YOUR INSTRUCTIONS: Return the entries below in their exact form, leaving the pictures out.

-------- WORKING DATA --------

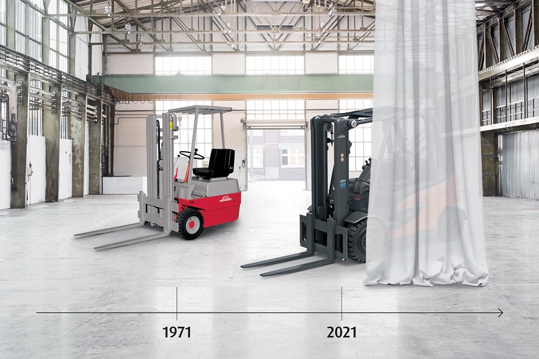 Linde Material Handling seit 50 Jahren mit Elektrostaplern
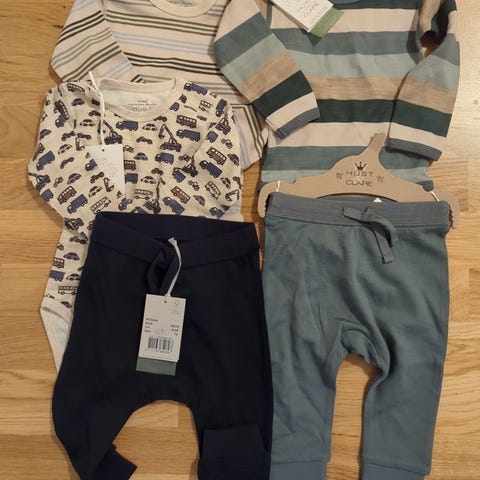 Hust & Claire barneklær sett i størrelse 98 for unisex. Sett med blå langermet body/genser med mønster og motiv, samt ensfargede bukser. Passer til hverdagsbruk for barn rundt størrelse 98. Farge: blå. Sendes mot frakt
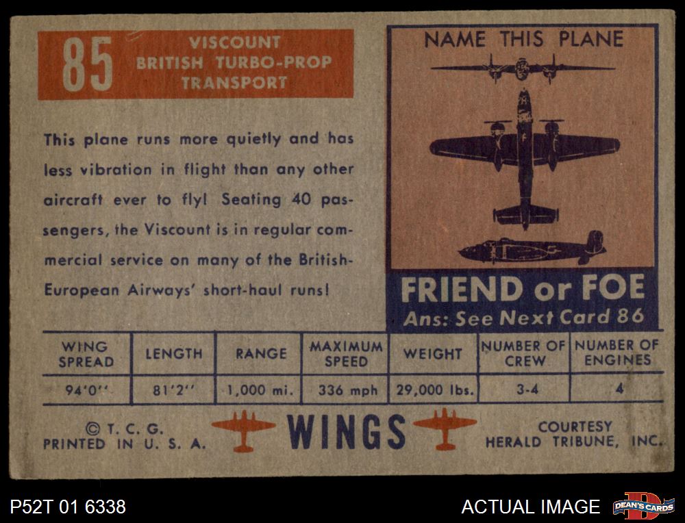 1952 Topps Wings #85 Viscount
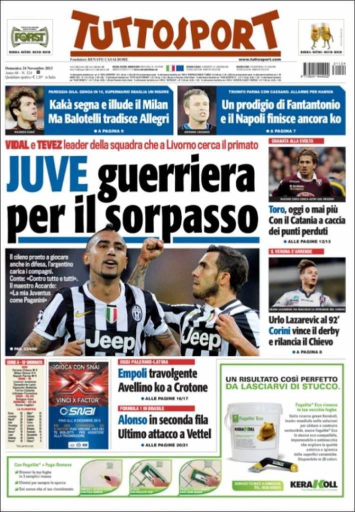 RASSEGNA STAMPA TUTTOSPORT – Vidal e Tevez leader di una squadra che a Livorno cerca il sorpasso. Il cileno pronto a giocare in difesa, l’argentino carica i compagni. Conte: “Contro tutto e tutti”. Il maestro Accardo: “La mia Juventus come Paganini”. Kakà segna e illude il Milan ma Balotelli tradisce Allegri. Un prodigio di Fantantonio e il Napoli finisce ancora ko.
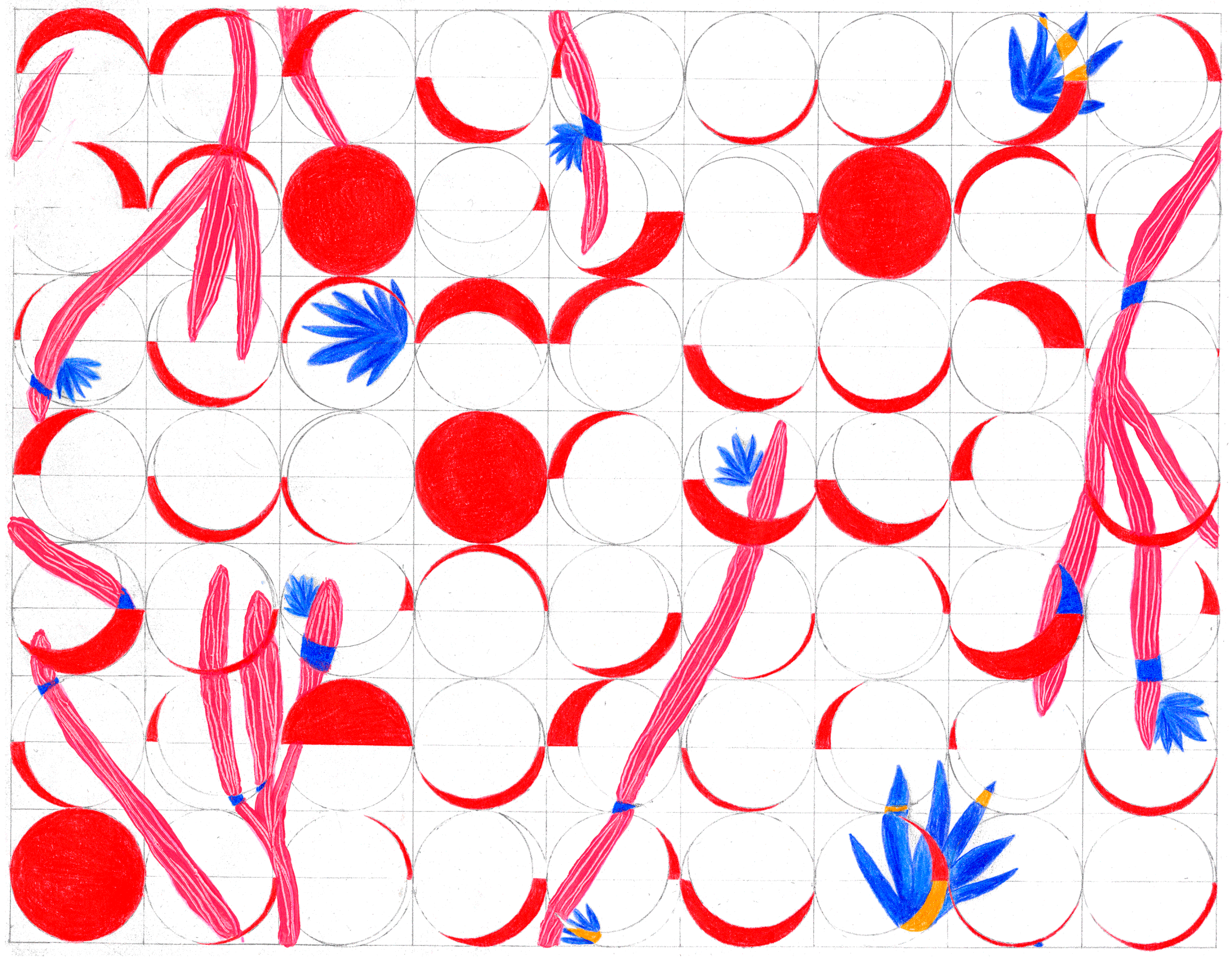 Le cycle lunaire et la métamorphose végétale sont des notions qui me permettent de déployer un travail de recherches graphiques et colorimétriques.
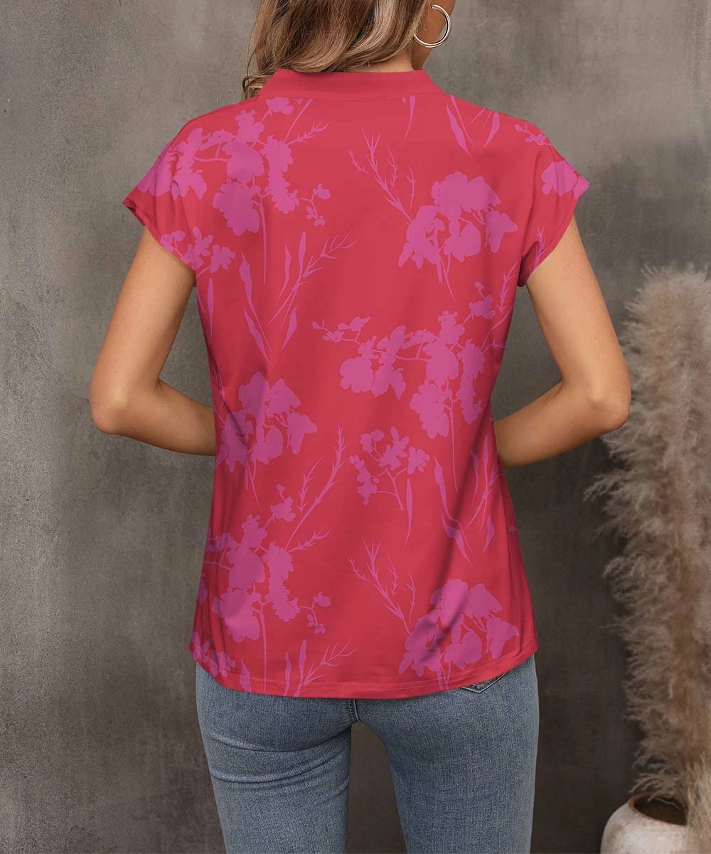 Notch neck top featuring elegant cap sleeves and stretch-infused fabric.
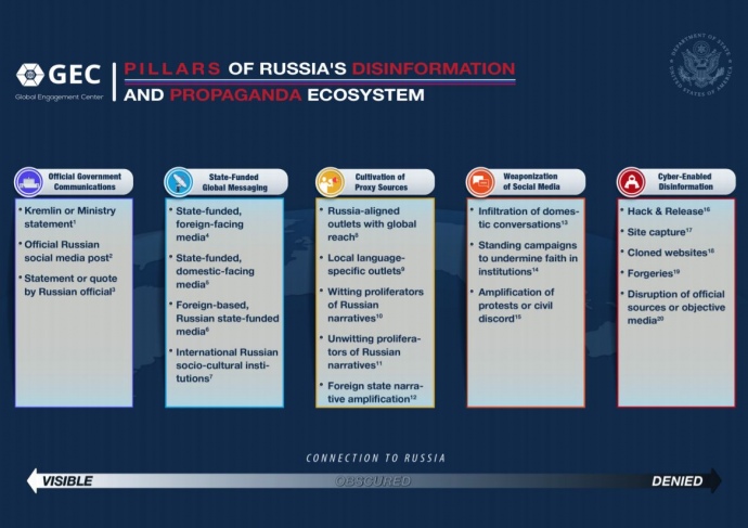 В Госдепе разделили пропаганду и дезинформацию со стороны Кремля на несколько основных источников. В частности, речь идет о 5 столпах российской пропаганды:

--------

OUTPUT BELOW:
 Linde Material Handling seit 50 Jahren mit Elektrostaplern
 Hust & Claire barneklær sett i størrelse 98 for unisex. Sett med blå langermet body/genser med mønster og motiv, samt ensfargede bukser. Passer til hverdagsbruk for barn rundt størrelse 98. Farge: blå. Sendes mot frakt
 1952 Topps Wings #85 Viscount
 RASSEGNA STAMPA TUTTOSPORT – Vidal e Tevez leader di una squadra che a Livorno cerca il sorpasso. Il cileno pronto a giocare in difesa, l’argentino carica i compagni. Conte: “Contro tutto e tutti”. Il maestro Accardo: “La mia Juventus come Paganini”. Kakà segna e illude il Milan ma Balotelli tradisce Allegri. Un prodigio di Fantantonio e il Napoli finisce ancora ko.
 Le cycle lunaire et la métamorphose végétale sont des notions qui me permettent de déployer un travail de recherches graphiques et colorimétriques.
 Notch neck top featuring elegant cap sleeves and stretch-infused fabric.
 В Госдепе разделили пропаганду и дезинформацию со стороны Кремля на несколько основных источников. В частности, речь идет о 5 столпах российской пропаганды:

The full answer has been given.